There is a lot of debate in the fairness community on ways to account for fairness. This package is an example of how to achieve statistical parity, know in the EEOC language as "avoidance of adverse impact". I'll plug here that statistical parity is the law of the land in the USA for hiring (i.e., your algorithm should approach a 1:1 selection).

Now, there are other people in the machine learning community who propose an equalized odds framework. The basic assumption here is that you should maximize fairness for correct answers. So if your model is 85% accurate overall, it should be 85% accurate for White people and 85% accurate for Black people. Totally makes sense when you consider unbalanced training data. Say that n_white = 100 and n_black = 10. The goal of an equalized odds framework is to prevent a 91% accurate model that selects all White people and misclassifies all Black people. Conversely, though, you could have a model that is 100% accurate on the training data that still selects White applicants at a higher rate than Black applicants when in production, which violates the statistical parity approach.
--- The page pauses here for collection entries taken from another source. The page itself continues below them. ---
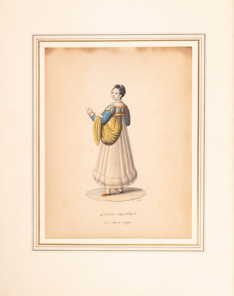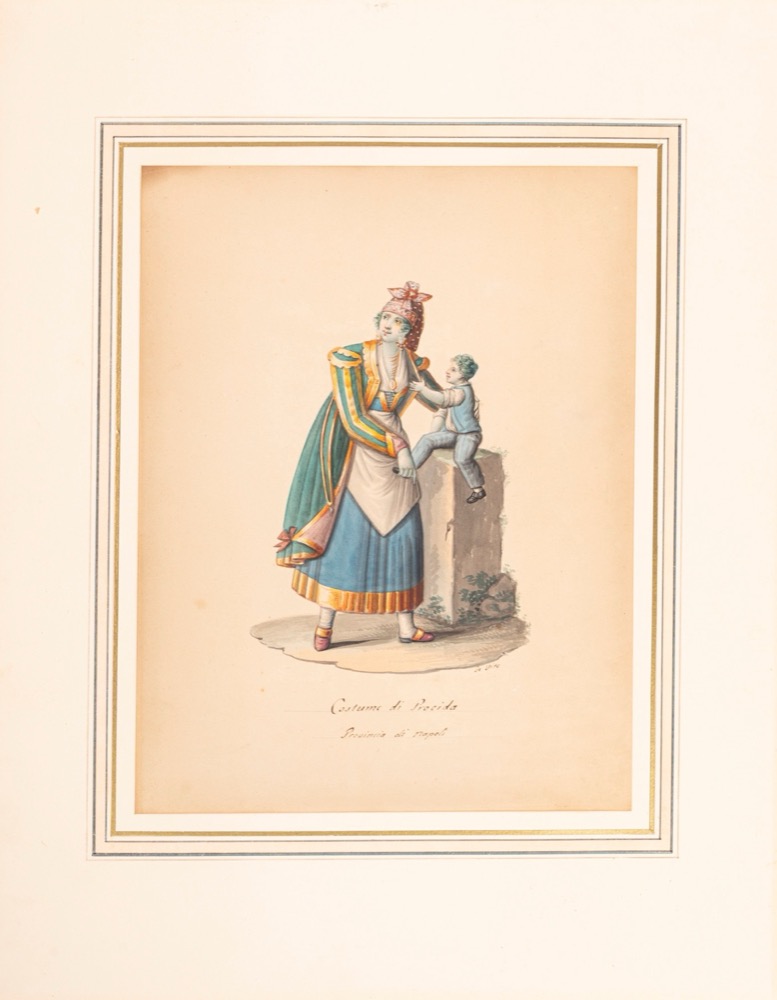 I soggetti rappresentano costumi tradizionali del Regno di Napoli e comprendono: Costume napoletano del borgo di Chiaja, Costume di Sorrento, Provincia di Napoli, Costume napoletano del basso volgo, Costume di Carafagreci, Provincia di Calabria nel Regno di Napoli, Costume di Procida, Provincia di Napoli.
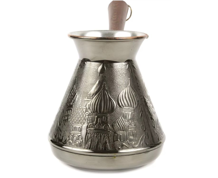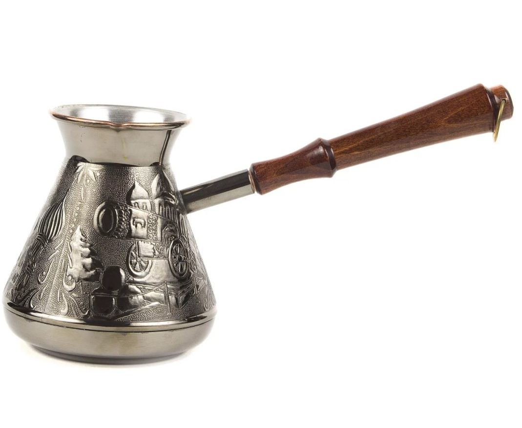 Медная турка классической конусообразной формы с утолщённым дном предназначена для приготовления ароматного натурального кофе. Внутренняя поверхность покрыта пищевым оловом. Наружная сторона украшена оригинальным орнаментом.
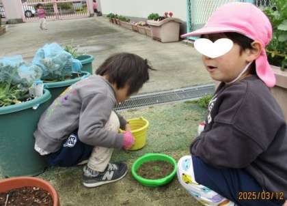 園庭では・・・ 公開日 2025/03/12 更新日 2025/03/12 幼稚園日記 4歳児・5歳児の子どもたちは 毎日元気いっぱいです。 園庭では、 ぬかるんだ土を見つけて泥んこをしたり、 草花の近くで虫探しを始めたりと、 春の陽気を楽しんでいました。 「見てみて!乗れるようになったよ」 真剣な表情で一輪車に取り組んでいる子もいます。 暖かい気候の中、 園庭での遊びを存分に楽しんでいました。 いいね(0)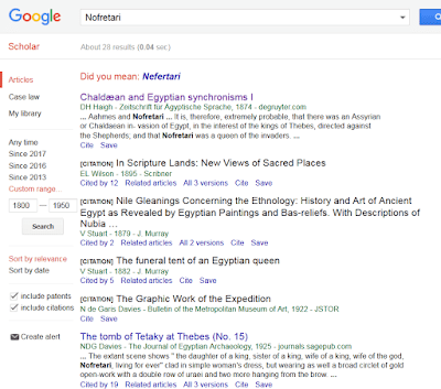 Hemos visto que redescubrimiento de la Reina Nefertiti occure ya en siglo XVIII y sobre todo a partir de 1820. También la primera ocurrencia de la forma Nefertiti es de finales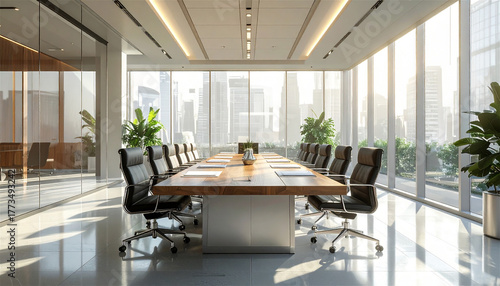 大きな窓から光が差し込むモダンなオフィスの会議室。黒い革張りの椅子と木製テーブルが並ぶ、洗練されたビジネス空間の室内風景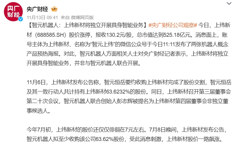 近期,就在智元機器人完成收購上緯新材的同期,又一家AI獨角獸企業籌劃“買入”一家上市公司。
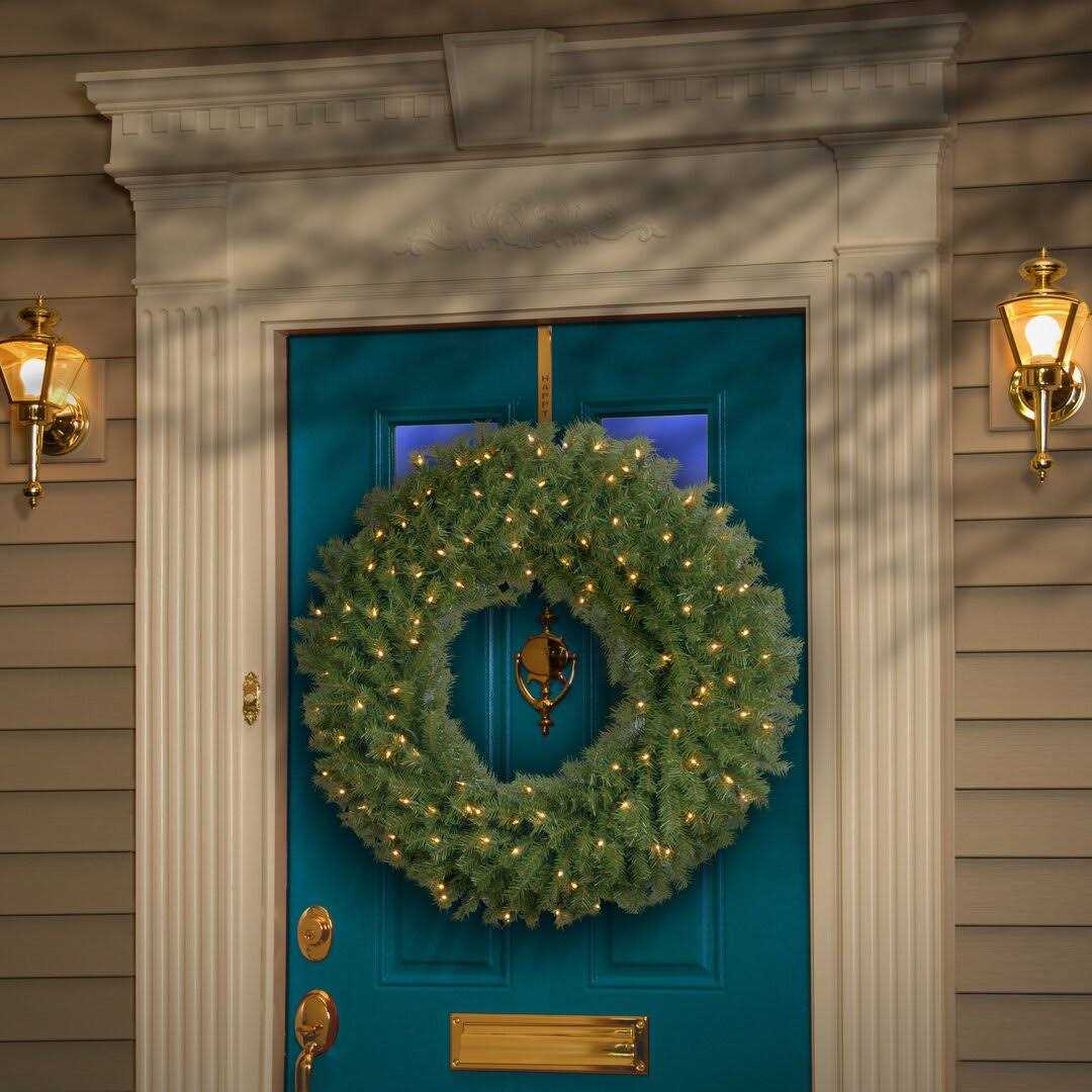 This artificial wreath is made for use year after year for each holiday season. It features thick, green evergreen branch tips made to look like the real thing without needles falling all over the ground. Made from PE materials, this traditional Christmas wreath comes circular and hangs easily on doors, walls, and windows. It’s also fade-resistant, so it should easily stand up to frequent use, either inside or in covered outdoor locations.

There's been a ton of debate on which approach matters more in which context (Moritz Hardt and Solon Barocas have written several great articles on this topic).

So that's a long way of saying that you'd need to conduct data collection on your target population that has target labels (e.g., asthma/no asthma; hire/no hire) and then data collection on a broader demographic population that is applicable to your use-case (other hospitals, other tech jobs). The broader demograpic population does not require labels, although if you were lucky enough to get labels you could greatly expand the possible algorithms you could try to reduce bias (which are not included in this package...yet).